Numéro d'arrêt : 305526
Numéro NOR : CETATEXT000018008090 ?
Identifiant URN:LEX : urn:lex;fr;conseil.etat;arret;2007-12-18;305526 ?

Texte :

Vu la requête sommaire et le mémoire complémentaire, enregistrés les 14 mai et 10 août 2007 au secrétariat du contentieux du Conseil d'Etat, présentés pour la SOCIETE CASINO GUICHARD PERRACHON, dont le siège est situé 24, rue de la Montat à Saint-Etienne (42000), représentée par le président de son conseil d'administration, domicilié en cette qualité au siège de la société ; la SOCIETE CASINO GUICHARD PERRACHON demande au Conseil d'Etat :

1°) d'annuler l'ordonnance du 1er mars 2007 par laquelle le président du tribunal administratif de Toulouse a rejeté sa demande tendant à la décharge, à concurrence de la somme de 27 183 euros, de la taxe foncière sur les propriétés bâties à laquelle elle a été assujettie au titre de l'année 2002 à raison d'un immeuble situé 1155, avenue de l'Europe à Montauban (Tarn-et-Garonne) ;

2°) réglant l'affaire au fond, en application des dispositions de l'article L. 821-2 du code de justice administrative, de prononcer la décharge des impositions litigieuses ;

3°) de mettre à la charge de l'Etat la somme de 2 000 euros au titre de l'article L. 761-1 du code de justice administrative ;

Vu les autres pièces du dossier ;

Vu le code général des impôts ;

Vu le code de justice administrative ;

Après avoir entendu en séance publique :

- le rapport de Mme Paquita Morellet-Steiner, Maître des Requêtes,

- les observations de la SCP Nicolaÿ, de Lanouvelle, avocat de la SOCIETE CASINO GUICHARD PERRACHON,

- les conclusions de M. Laurent Olléon, Commissaire du gouvernement ;

Considérant qu'il résulte des pièces du dossier soumis aux juges du fond qu'à la suite d'une opération d'apport partiel d'actif, la SOCIETE CASINO GUICHARD PERRACHON a cédé, au cours de l'année 2000, à la société l'Immobilière Groupe Casino, un immeuble situé 1155, avenue de l'Europe à Montauban ; que la SOCIETE CASINO GUICHARD PERRACHON a été assujettie à la taxe foncière sur les propriétés bâties à raison de cet immeuble au titre de l'année 2002 ; que suite au rejet de sa réclamation tendant à la décharge de cette imposition, la SOCIETE CASINO GUICHARD PERRACHON a saisi le tribunal administratif de Toulouse ; que le président de ce tribunal a rejeté sa demande par une ordonnance du 1er mars 2007 contre laquelle la SOCIETE CASINO GUICHARD PERRACHON se pourvoit régulièrement en cassation ;

Considérant qu'aux termes de l'article 1402 du code général des impôts : « Les mutations cadastrales consécutives aux mutations de propriété sont faites à la diligence des propriétaires intéressés.
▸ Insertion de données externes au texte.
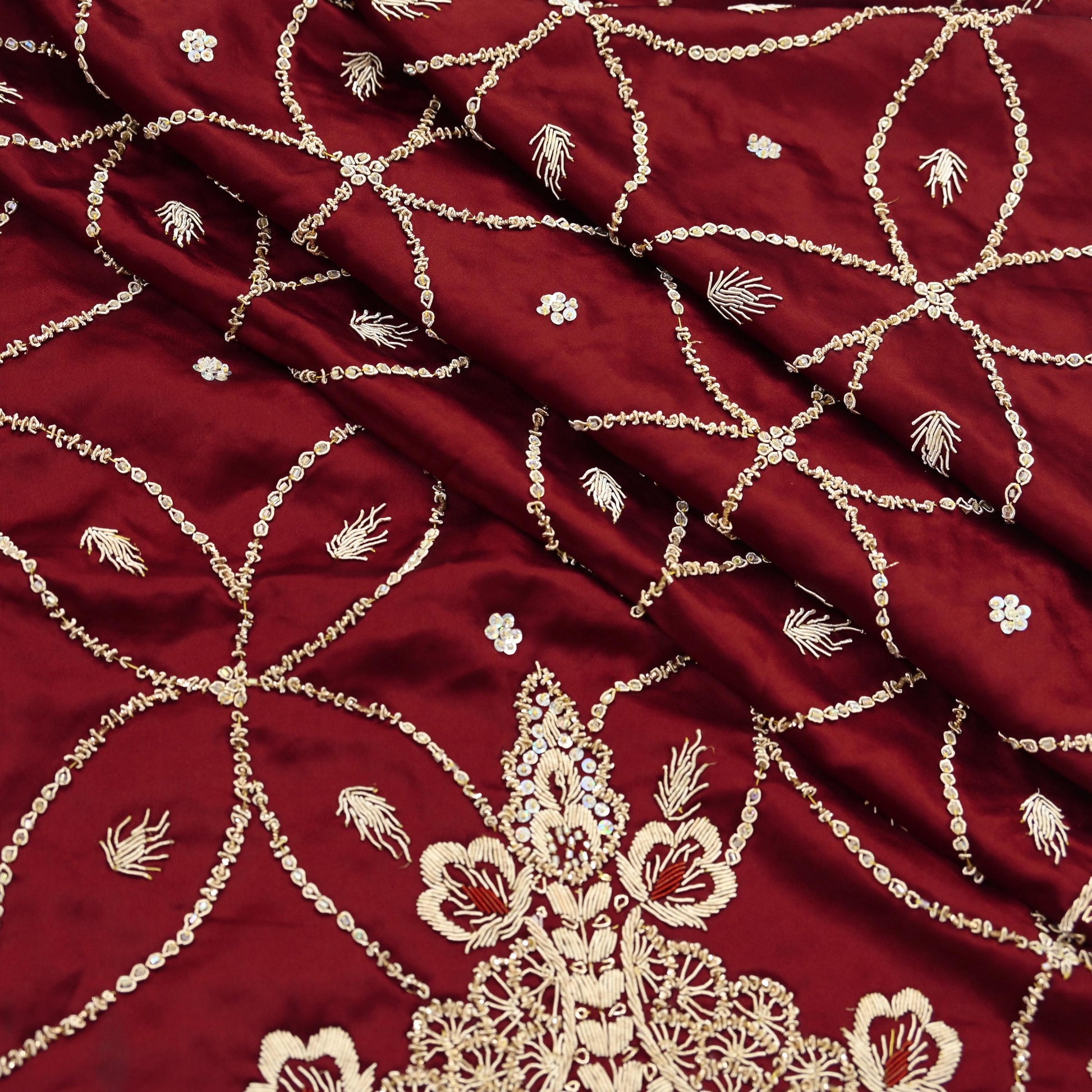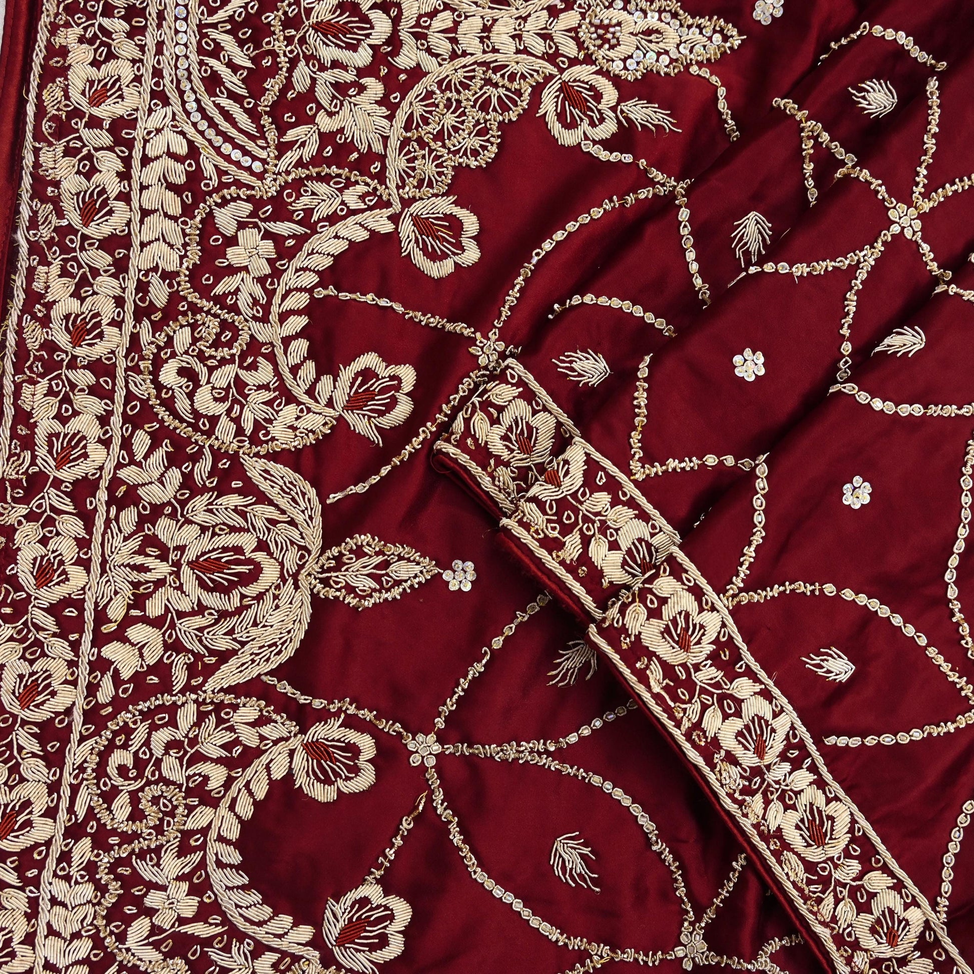 Stunning Very Heavy Dupatta Hand Embroidered 100% Pure Satin Silk Dupatta/Stole In Maroon Color Fabric. This one of a kind item is difficult to express in words. Border feature is floral & Paisley design embroidered pure metallic Golden & Red zardozi, Dakba, Zari, White Glass Beadeds, Silver Sequins, White Beaded work embellished work is the highlight of the dupatta. Also you can see similar work with floral pattern in center part adds to its beauty. Glass Beaded Work is giving a fabulous look to the dupatta. Awesome one !!!

Aucune modification à la situation juridique d'un immeuble ne peut faire l'objet d'une mutation si l'acte ou la décision judiciaire constatant cette modification n'a pas été préalablement publié au fichier immobilier » ; qu'aux termes de l'article 1403 de ce code : « Tant que la mutation cadastrale n'a pas été faite, l'ancien propriétaire continue à être imposé au rôle, et lui ou ses héritiers naturels peuvent être contraints au paiement de la taxe foncière, sauf leur recours contre le nouveau propriétaire » ; qu'enfin, aux termes de l'article 1404 du même code : « Lorsque, au titre d'une année, une cotisation de taxe foncière a été établie au nom d'une personne autre que le redevable légal, le dégrèvement de cette cotisation est prononcé à condition que les obligations prévues à l'article 1402 aient été respectées » ; qu'il résulte de ces dispositions que, lorsque, au titre d'une année, une cotisation de taxe foncière a été établie au nom d'une personne autre que le redevable légal, le juge de l'impôt prononce le dégrèvement de cette cotisation si, à la date où il statue, il constate que la formalité de publication au fichier immobilier de l'acte ou de la décision constatant le transfert de propriété a été accomplie, alors même qu'elle ne l'aurait été qu'après l'établissement de l'impôt ;

Considérant que, dès lors, en rejetant la demande présentée par la SOCIETE CASINO GUICHARD PERRACHON tendant à la décharge, à concurrence de 27 183 euros, de la cotisation de taxe foncière sur les propriétés bâties à laquelle elle a été assujettie au titre de l'année 2002, à raison de l'immeuble en cause, au motif qu'aucun acte translatif de propriété de cet immeuble n'avait été, au 1er janvier de l'année d'imposition, publié au fichier immobilier de la conservation des hypothèques de Montauban, sans rechercher s'il en était de même à la date à laquelle il statuait, le président du tribunal administratif de Toulouse a méconnu les dispositions précitées du code général des impôts ;

Sur les conclusions tendant à l'application des dispositions de l'article L. 761-1 du code de justice administrative :

Considérant que, dans les circonstances de l'espèce, il y a lieu, en application de ces dispositions, de mettre à la charge de l'Etat une somme de 1 500 euros au titre des frais exposés dans l'instance par la SOCIETE CASINO GUICHARD PERRACHON et non compris dans les dépens ;

D E C I D E :

--------------

Article 1er : L'ordonnance en date du 1er mars 2007 du président du tribunal administratif de Toulouse est annulée.

Article 2 : L'affaire est renvoyée devant le tribunal administratif de Toulouse.

Article 3 : L'Etat versera à la SOCIETE CASINO GUICHARD PERRACHON une somme de 1 500 euros en application des dispositions de l'article L. 761-1 du code de justice administrative.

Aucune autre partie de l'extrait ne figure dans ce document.